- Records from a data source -
== Segment start ==
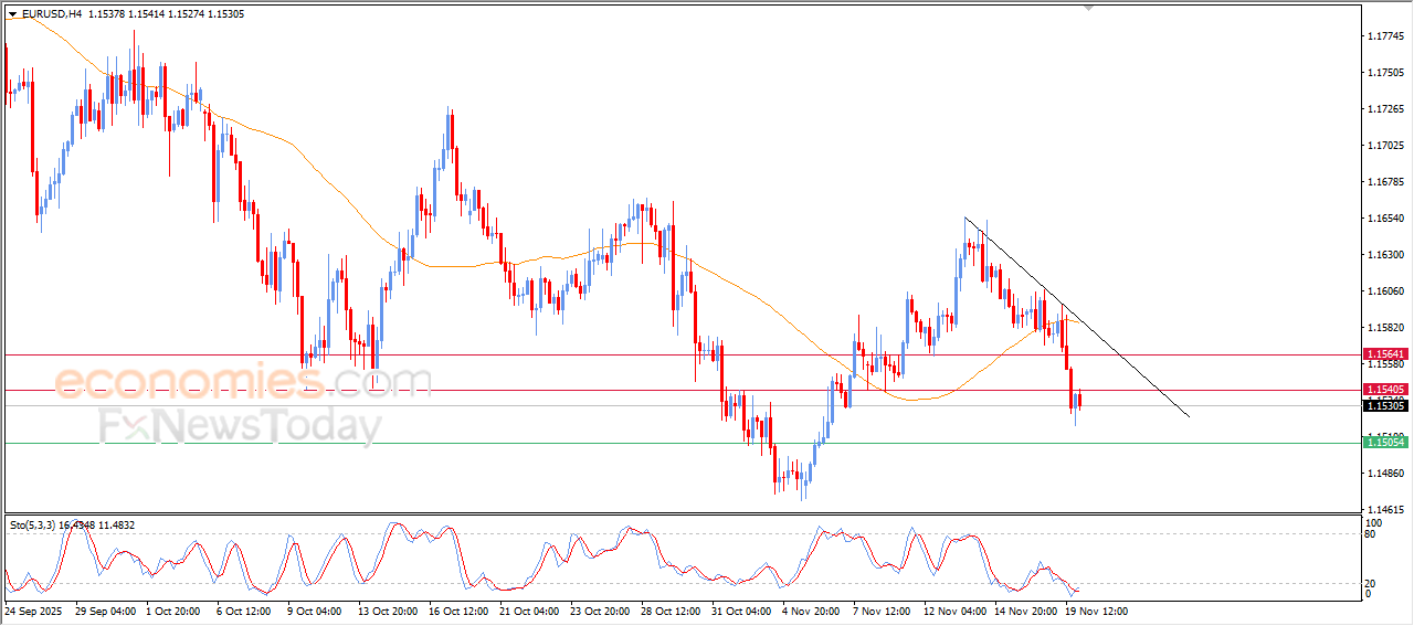 ويأتي هذا الضعف المستمر في ظل بقاء الزوج تحت تأثير الضغط السلبي الناتج عن استقراره دون متوسطه المتحرك البسيط لفترة 50، بالإضافة إلى سيطرة الاتجاه الهابط الرئيسي وتداولات الزوج بمحاذاة خط ميل فرعي شديد الانحدار، ما يحدّ من فرص أي تعافٍ مرتقب على المدى القريب.
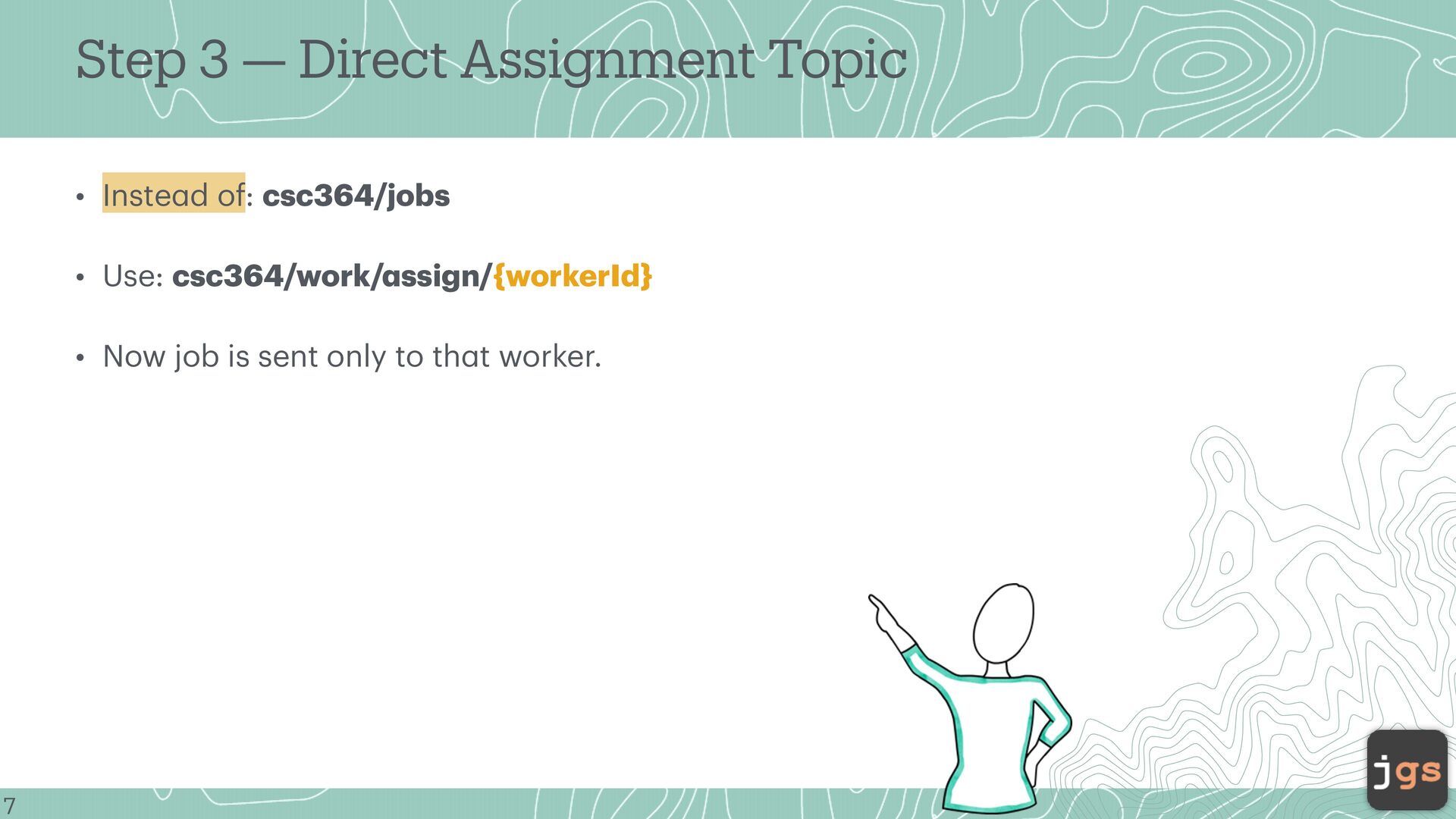 of: csc364/jobs • Use: csc364/work/ a ssign/{workerId} • Now job is sent only to th a t worker. 7
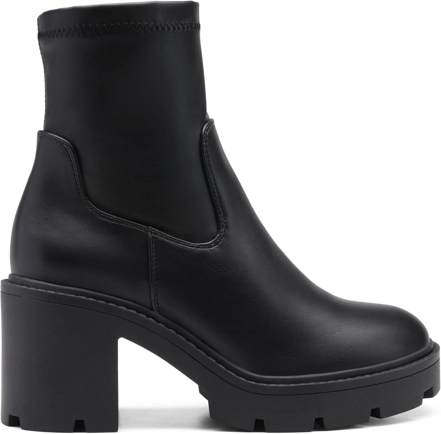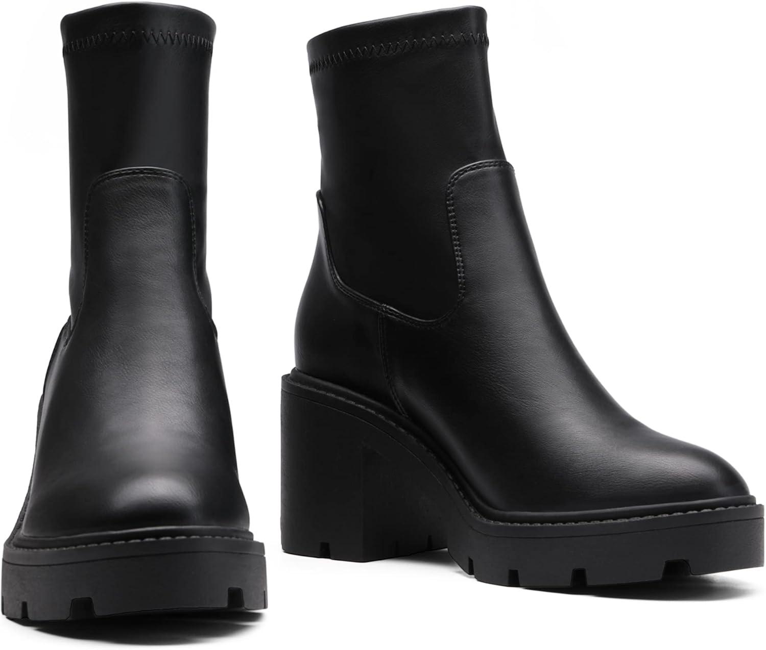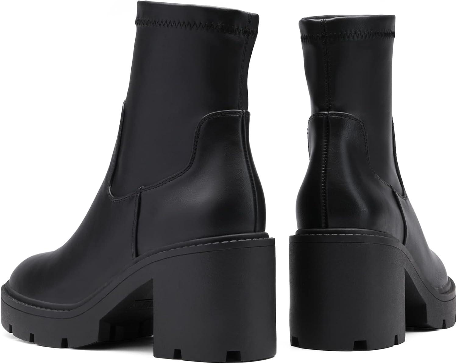 DREAM PAIRS Women’s Chelsea Platform Boots Elastic Chunky Heel Lug Sole Ankle Booties Shoes(Black/Pu)
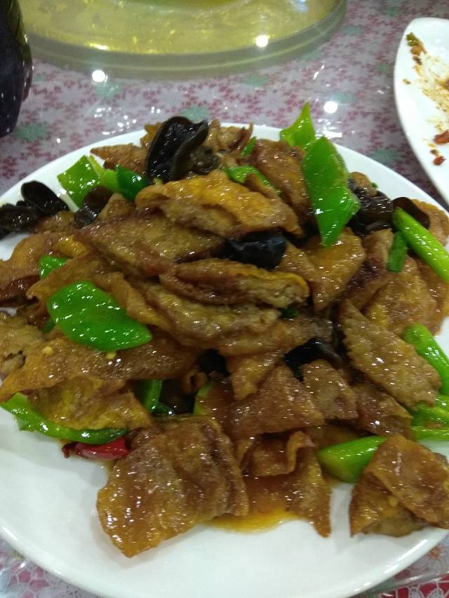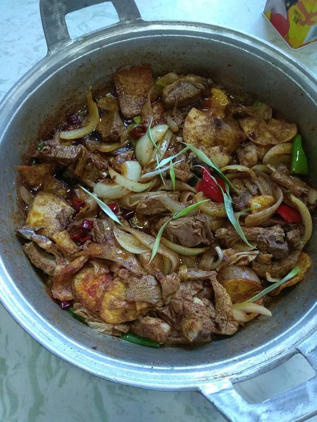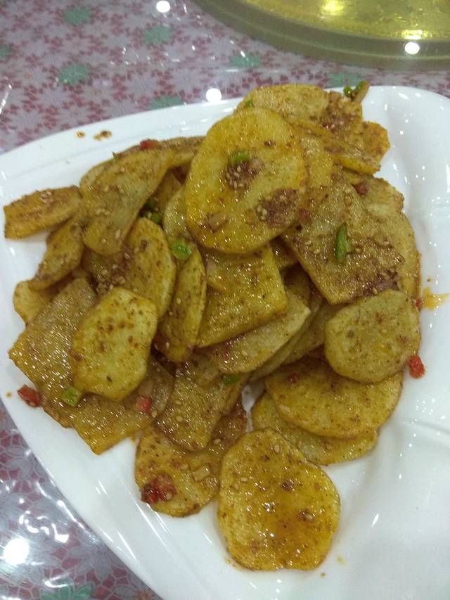 看完丹霞地貌的日落,下山出景区已经晚上9点多了。住宿在景区附近的七彩小镇。来到网上推荐的饭店吃的,好吃不贵。
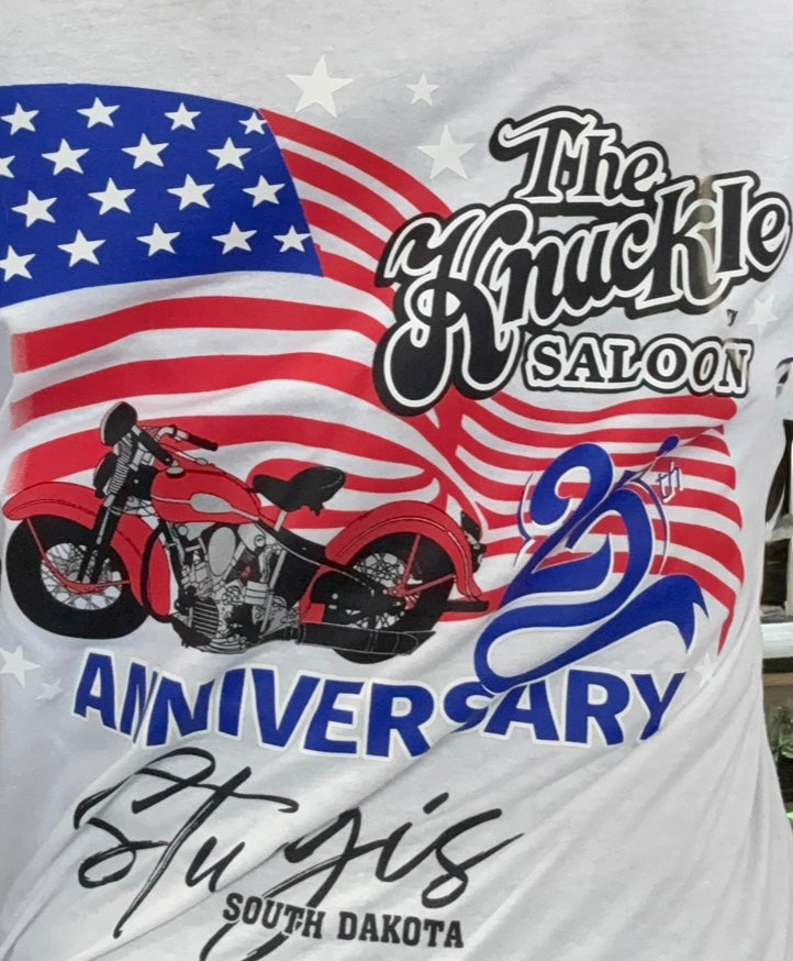 Celebrate a milestone in Knuckle Saloon history with our exclusive 25th Anniversary T-Shirt. Established in 2000, The Knuckle has been at the heart of Sturgis for 25 years—and this shirt honors the ride, the rallies, and the memories made along the way.
== Segment end ==
- Task statement -
Look above for the line with "of: csc364/jobs •", then give again exactly every line from there through the line with "看完丹霞地貌的日落,下山出景", skipping the pictures.

- Solution for this exercise -
 of: csc364/jobs • Use: csc364/work/ a ssign/{workerId} • Now job is sent only to th a t worker. 7
 DREAM PAIRS Women’s Chelsea Platform Boots Elastic Chunky Heel Lug Sole Ankle Booties Shoes(Black/Pu)
 看完丹霞地貌的日落,下山出景区已经晚上9点多了。住宿在景区附近的七彩小镇。来到网上推荐的饭店吃的,好吃不贵。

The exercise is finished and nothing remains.